| Work instructions |
So long as no pictures are carried over, output the records below exactly.

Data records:
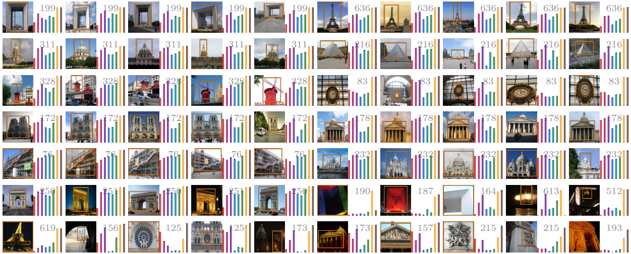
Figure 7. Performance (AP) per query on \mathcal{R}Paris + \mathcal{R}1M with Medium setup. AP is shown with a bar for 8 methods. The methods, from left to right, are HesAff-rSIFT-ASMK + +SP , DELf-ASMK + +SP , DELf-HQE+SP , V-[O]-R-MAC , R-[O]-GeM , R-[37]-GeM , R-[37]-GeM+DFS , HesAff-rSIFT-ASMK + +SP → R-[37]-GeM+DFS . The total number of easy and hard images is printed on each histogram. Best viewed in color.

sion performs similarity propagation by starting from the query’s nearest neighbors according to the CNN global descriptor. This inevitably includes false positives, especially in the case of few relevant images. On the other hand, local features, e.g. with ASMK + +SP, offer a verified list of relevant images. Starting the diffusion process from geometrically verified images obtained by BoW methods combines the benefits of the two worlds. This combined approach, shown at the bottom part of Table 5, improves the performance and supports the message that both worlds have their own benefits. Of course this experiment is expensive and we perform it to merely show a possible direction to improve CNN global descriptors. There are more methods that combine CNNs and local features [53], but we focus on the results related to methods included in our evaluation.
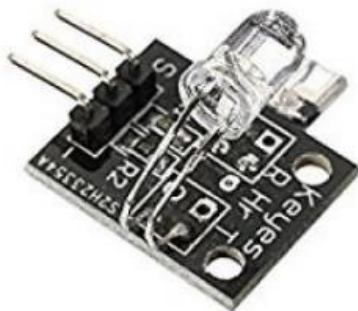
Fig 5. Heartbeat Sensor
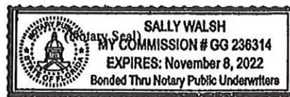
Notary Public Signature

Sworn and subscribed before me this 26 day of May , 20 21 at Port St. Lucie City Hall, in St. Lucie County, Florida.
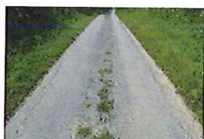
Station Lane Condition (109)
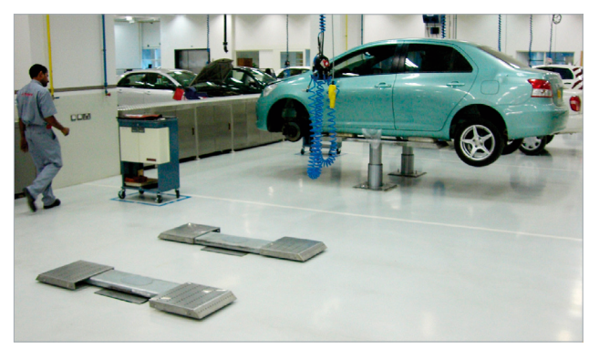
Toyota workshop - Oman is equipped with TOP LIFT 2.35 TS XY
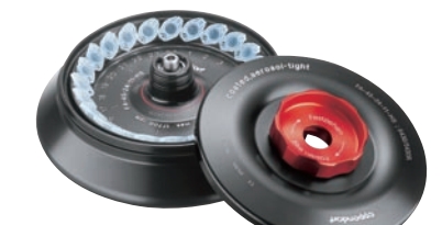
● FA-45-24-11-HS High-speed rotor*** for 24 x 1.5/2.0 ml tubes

| Task result |
Figure 7. Performance (AP) per query on \mathcal{R}Paris + \mathcal{R}1M with Medium setup. AP is shown with a bar for 8 methods. The methods, from left to right, are HesAff-rSIFT-ASMK + +SP , DELf-ASMK + +SP , DELf-HQE+SP , V-[O]-R-MAC , R-[O]-GeM , R-[37]-GeM , R-[37]-GeM+DFS , HesAff-rSIFT-ASMK + +SP → R-[37]-GeM+DFS . The total number of easy and hard images is printed on each histogram. Best viewed in color.

sion performs similarity propagation by starting from the query’s nearest neighbors according to the CNN global descriptor. This inevitably includes false positives, especially in the case of few relevant images. On the other hand, local features, e.g. with ASMK + +SP, offer a verified list of relevant images. Starting the diffusion process from geometrically verified images obtained by BoW methods combines the benefits of the two worlds. This combined approach, shown at the bottom part of Table 5, improves the performance and supports the message that both worlds have their own benefits. Of course this experiment is expensive and we perform it to merely show a possible direction to improve CNN global descriptors. There are more methods that combine CNNs and local features [53], but we focus on the results related to methods included in our evaluation.
Fig 5. Heartbeat Sensor
Notary Public Signature

Sworn and subscribed before me this 26 day of May , 20 21 at Port St. Lucie City Hall, in St. Lucie County, Florida.
Station Lane Condition (109)
Toyota workshop - Oman is equipped with TOP LIFT 2.35 TS XY
● FA-45-24-11-HS High-speed rotor*** for 24 x 1.5/2.0 ml tubes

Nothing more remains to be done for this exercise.